WASHINGTON – Maryland continued to have one of the worst rates in the nation for disciplining doctors in 2003, according to a study of state medical boards released Wednesday by Public Citizen.
“Maryland has been at the bottom for a very long time,” said Dr. Sidney Wolfe, director of Public Citizen’s health research group.
But Wolfe and others said they expect to see Maryland’s standing improve in coming years, after the much-criticized Board of Physician Quality Assurance was dissolved last year and replaced by a new Board of Physicians with more power to go after doctors.
“They changed the law that required the board to get permission from the state Maryland medical society for them to discipline the doctor,” Wolfe said.
That has not always been the case. Public Citizen said that Maryland took serious disciplinary action against 46 doctors in 2003, a rate of two actions for every 1,000 physicians — ranking the state 42nd in the country. The national average was 3.55 serious disciplinary actions for every 1,000 physicians.
Wolfe said it would be great if states like Maryland could get up to the level of enforcement found in Kentucky, the toughest state in the Public Citizen ranking, with 11.58 actions per 1,000 physicians.
“Kentucky was disciplining between five and six times more doctors per 1,000 doctors in that year more than Maryland did,” he said.
The report considered serious disciplinary action to include license revocations and suspensions.
Calls to MedChi, the state’s medical society, were not returned Wednesday. A spokesman for the state Department of Health and Mental Hygiene said he was unable to find someone from the Board of Physicians to comment on the report.

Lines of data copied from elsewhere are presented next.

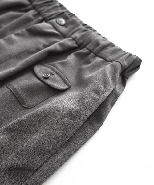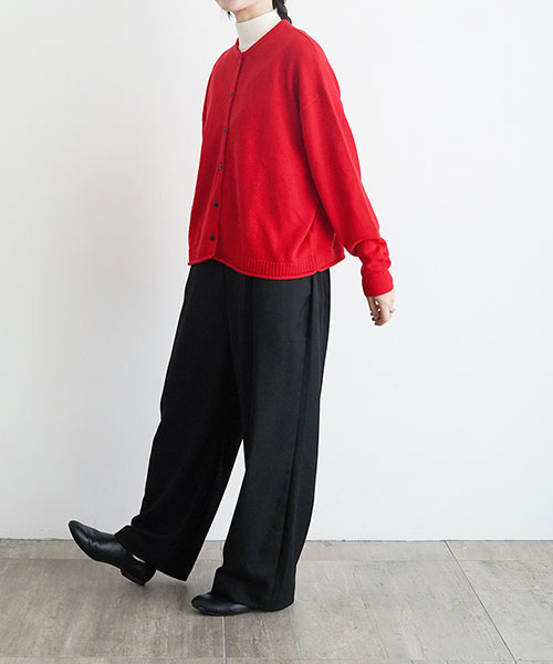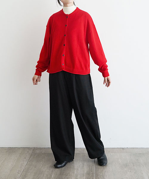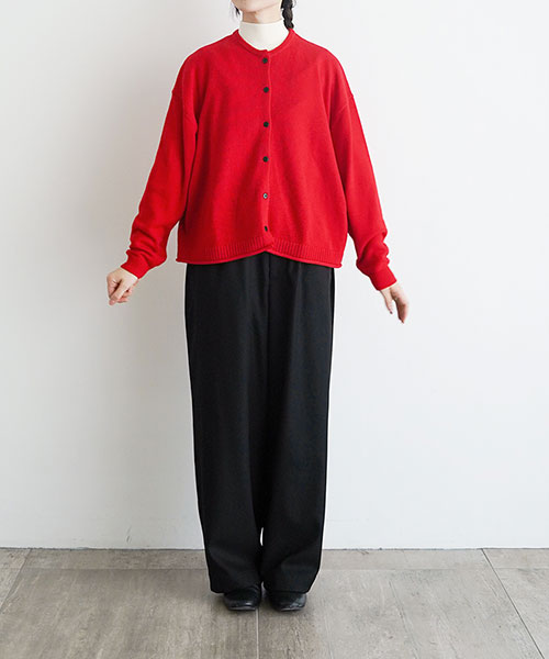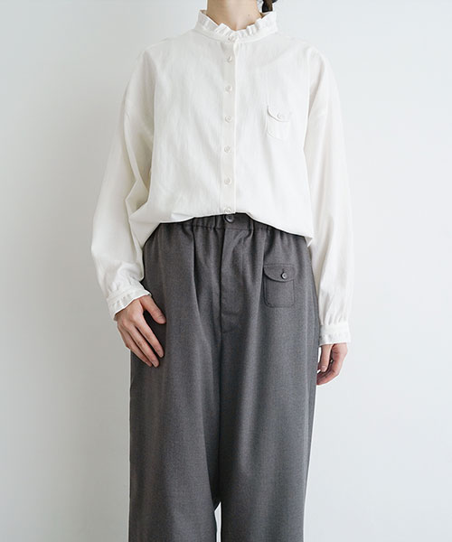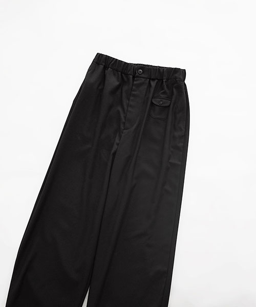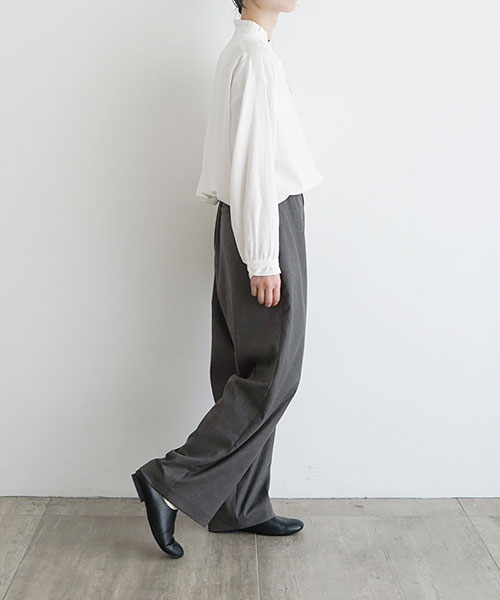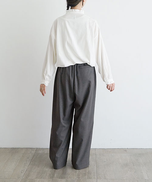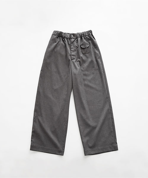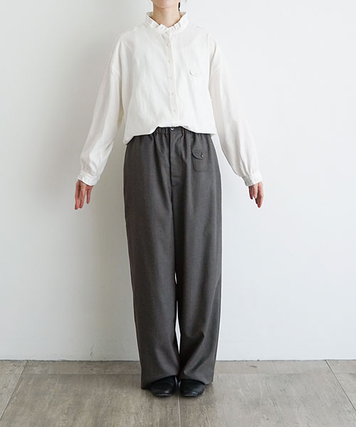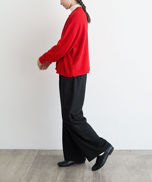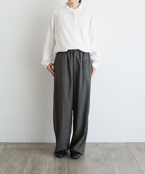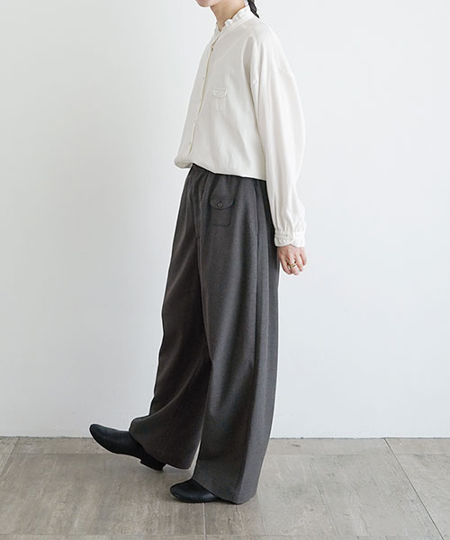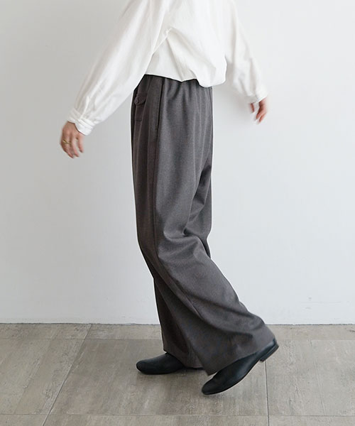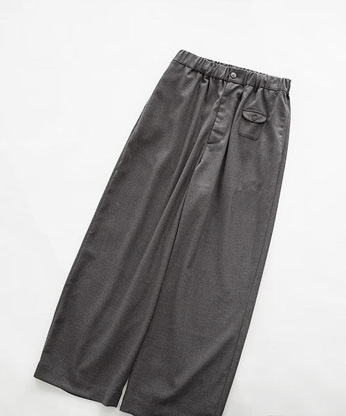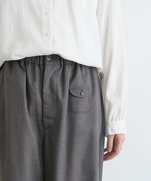 ほどよい厚みと落ち感のある、小さなポケット付きのストレートパンツ。歩くたびに生地がゆるやかに揺れ、シルエットを美しく見せてくれます。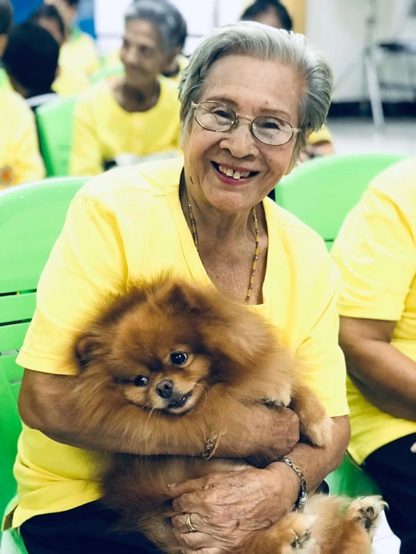 “Dog Therapy” event from the annual pet event, “SmartHeart presents Thailand International Dog Show 2019”, where the Exhibition Project team brought various dogs to show talent and created a joyful occasion, lifting old women’s hearts from loneliness at Tiwanon elderly home. They also brought necessary supplies and donations for the elderly.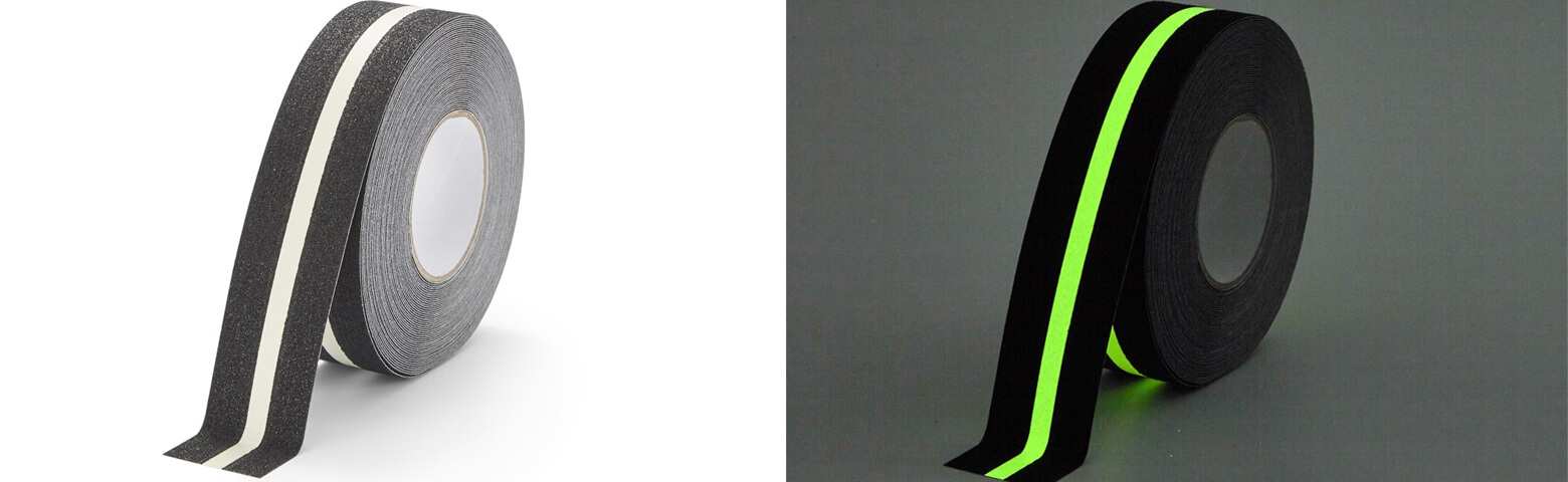 Cette combinaison en fait une solution idéale pour le marquage des allées piétonnes, des issues de secours, des marches d’escalier ou des zones dangereuses qui doivent rester visibles en cas de faible luminosité ou d’urgence.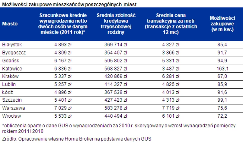 Nieco inaczej sytuacja wygląda w takich miastach, jak Kraków, Warszawa czy Wrocław. Tam modelowa rodzina mogłaby pozwolić sobie na zakup ponad dwukrotnie mniejszej nieruchomości niż w Katowicach. Jest to odpowiednio 67, 76 i 72 m kw., co zazwyczaj odpowiada mieszkaniu trzypokojowemu. Powody dysproporcji pomiędzy miastami o największych i najmniejszych możliwościach zakupowych są dwa. Po pierwsze ceny mieszkań, które w Krakowie i Wrocławiu przekraczają 6 tys. zł za m kw., a w Warszawie 7,7 tys. Z drugiej strony winić można poziom wynagrodzeń, choć ten zgodnie ze statystykami GUS raczej jest nienaturalnie wysoki w Katowicach niż za niski w Warszawie. Warto bowiem zauważyć, że przeciętna katowicka rodzina, w której dwie osoby pracują dysponowałaby dochodem zaledwie o 200 zł niższym niż warszawska. Należy też zwrócić uwagę na warunkujące zdolność kredytową dochody w Krakowie. W stolicy Małopolski są one pomiędzy poziomem lubelskim i szczecińskim. Dla porównania, we wspomnianych miastach ceny nieruchomości są o jedną trzecią niższe niż w Krakowie.
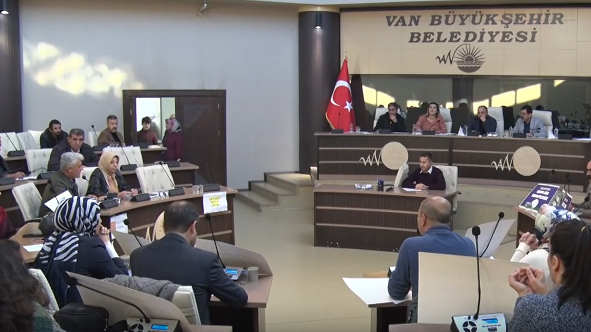 Van Büyükşehir Belediyesi Meclisi'nde Bahçesaray Belediye Başkanlığına kayyum atanmasına tepki gösterildi. DEM Parti Grubu, kayyumu protesto eden dövizlerle Meclis toplantısına katıldı. AKP'li meclis üyeleri toplantı salonunu terk etti.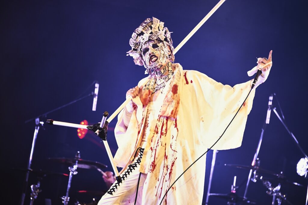 そのシンボル的存在が、猟牙(Vo)である。経文が書かれた袈裟のようなものを垂らした白装束に身を包み、顔には怪文書さながらの文言が無数に貼り巡らされ、傘をさして登場した猟牙。その出で立ちは、曲頭にお経が鳴る『HUMAN ANALOGY』と抜群にリンクし、力任せに木魚を打ち鳴らしながら歌う猟牙と、各々強烈なキャラクターを放つバンドの狂気には、思わず感嘆の息が漏れるほどだ。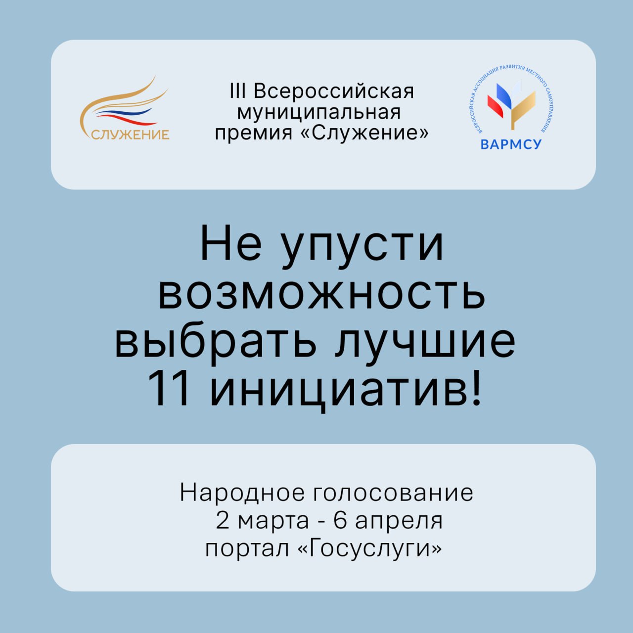 Со 2 марта началось Народное голосование III Всероссийской муниципальной премии «Служение». Жители страны смогут сами определить лучшие муниципальные практики и инициативы.
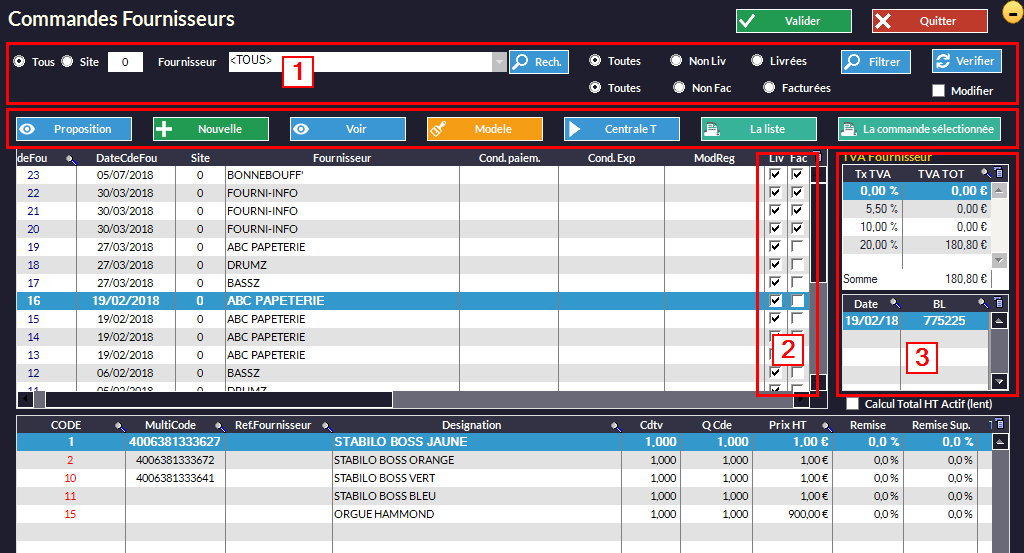 pour valider : n'apparaissent que les commandes du fournisseur sélectionné. Vous pouvez également filtrer les commandes livrées ou non, facturées ou non.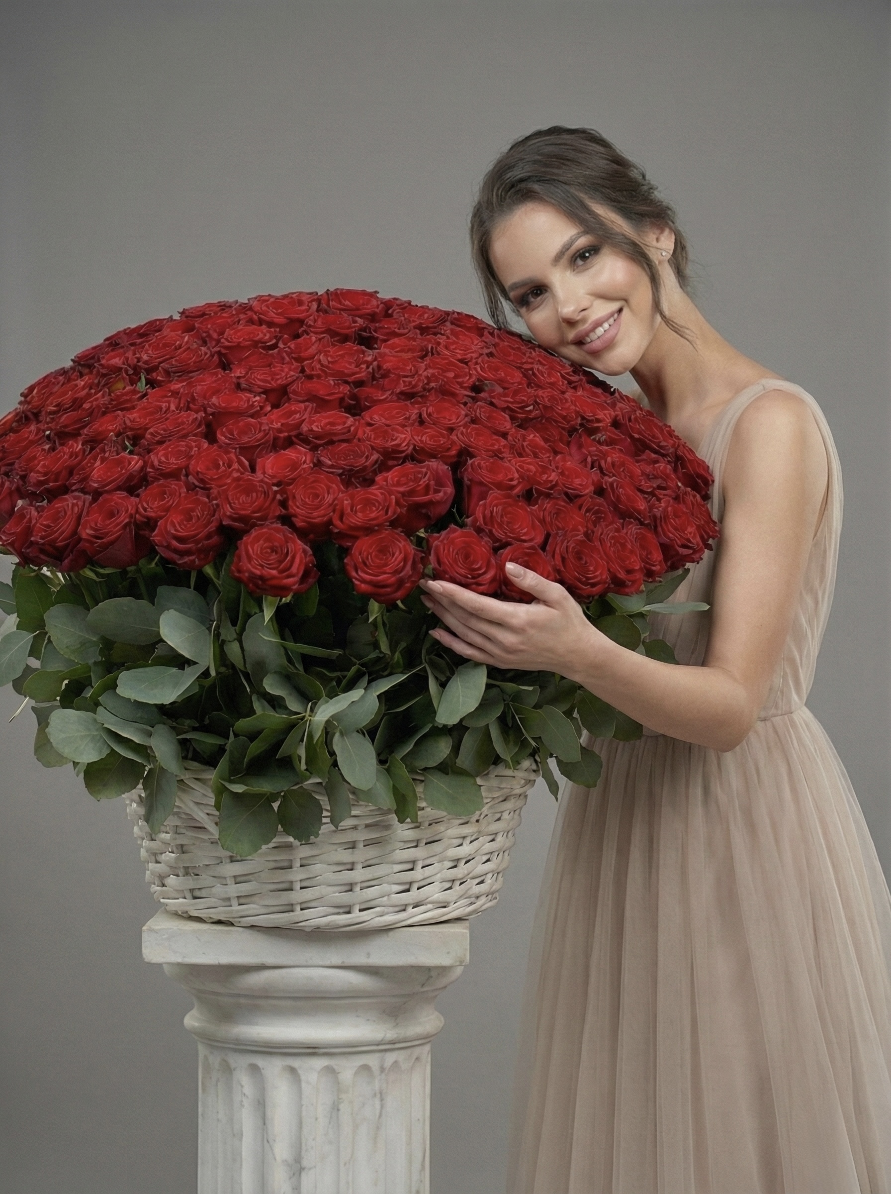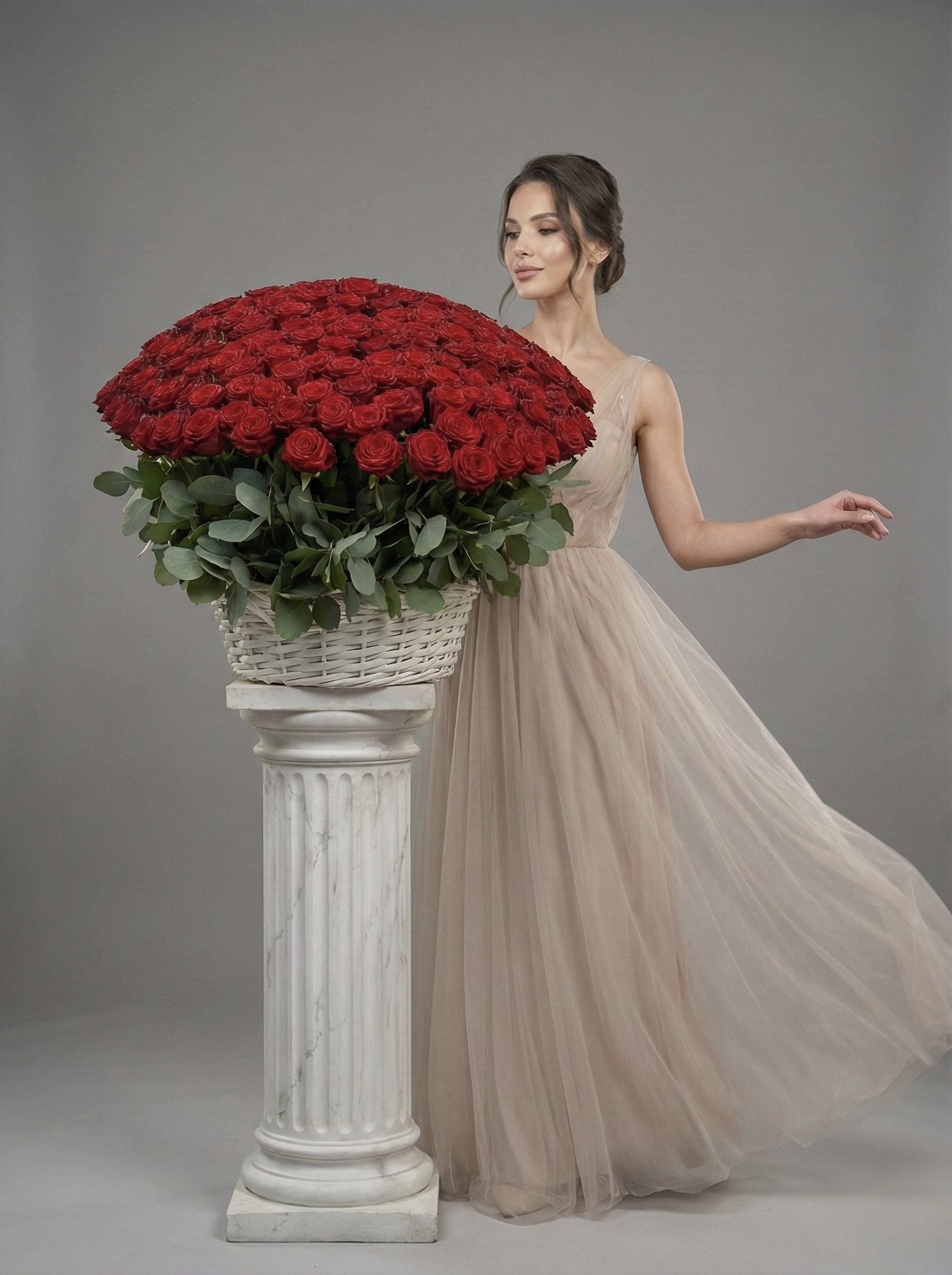 Kompozycja, w której emocja staje się sztuką. Luksusowe szkarłatne róże, ułożone w doskonałej formie, ucieleśniają siłę miłości, głębię pasji oraz piękno szczerego przeżycia. Szlachetna zieleń podkreśla intensywność barwy, budując poczucie uroczystości, harmonii i wyrafinowanej elegancji.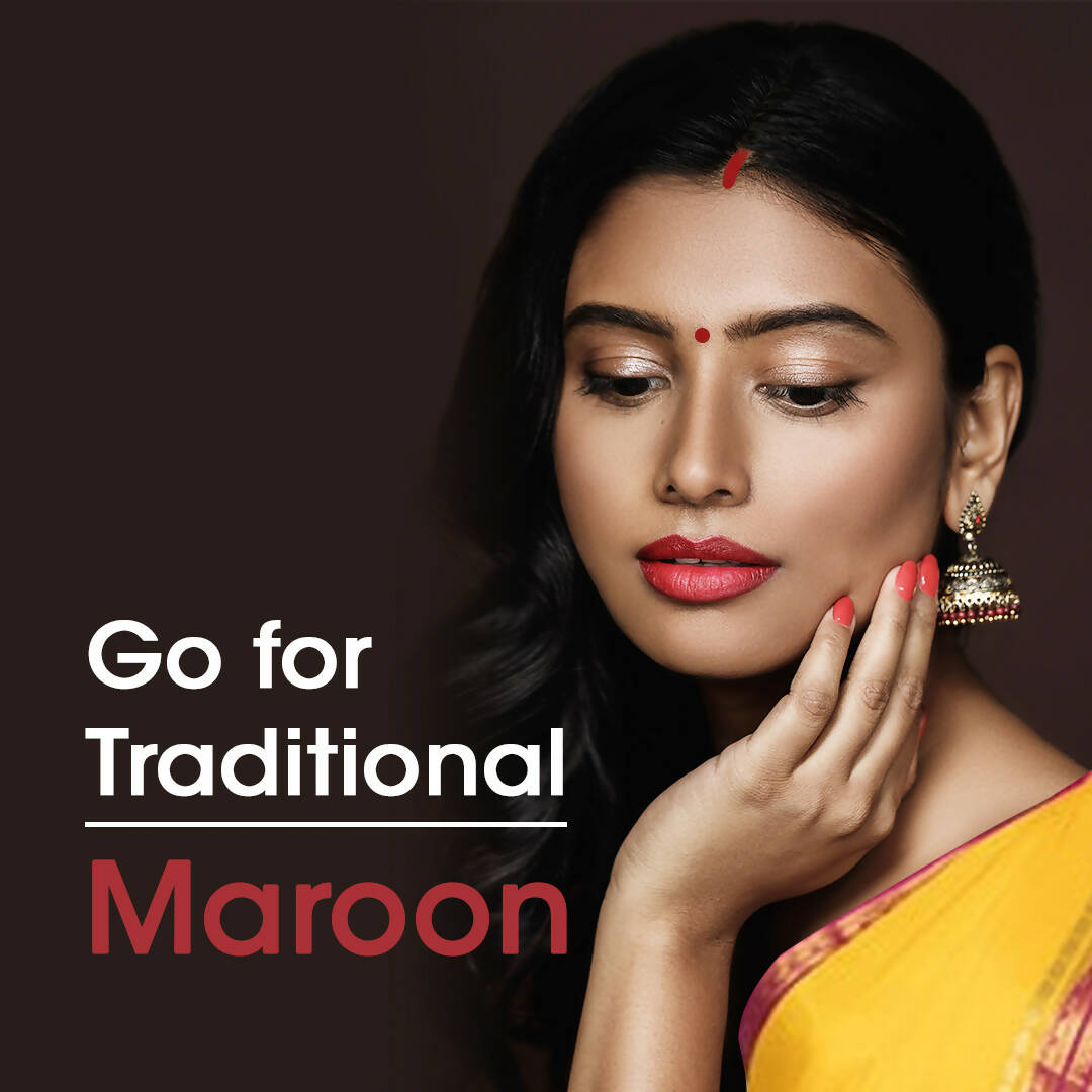 - The smudge-resistant Sindoor is equipped with a precise applicator brush, ensuring an easy and mess-free application. It delivers a vibrant maroon hue, remains intact for extended periods, and requires no touch-ups.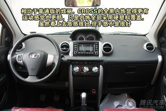 炫丽CROSS的内饰设计的也比较简洁,整体采用了上深下浅的双色搭配,再配合车内多处的圆形设计,给人的感觉非常温馨,而且时尚感也很强,这样的设计相信也会符合大部分家庭的需要。炫丽也采用了中置的仪表盘设计,简洁的旋钮设计使得新手使用变得非常简单,不过在整车实用功能性方面可是一点都没有缩水,比较值得肯定。

In the past, state health officials have said that Maryland’s rating is misleading, because many doctors are licensed in the state, but practice elsewhere.
But Wolfe said that is no defense — it just means doctors can receive a license to practice in Maryland even if they have had disciplinary actions against them in other states.
“This is why it becomes a health hazard to patients if they live in a state where the medical board — as is the case in Maryland, or has been — is not doing an adequate job in disciplining doctors,” Wolfe said.
State Sen. Paula Hollinger, D-Baltimore County, who led the fight to reform physician discipline in the state, said Wednesday that she was encourage by Maryland’s 42nd-place finish in this year’s report.
“We were 46th last year, we are four places better this year,” Hollinger said. “We have a brand new board, and maybe it’s having a little bit of an effect.”
She said she is willing to give the new board the benefit of the doubt.
“I hope that they do their job,” Hollinger said, referring to the new licensing board. “The other board wasn’t doing their job. Nobody was getting disciplined.”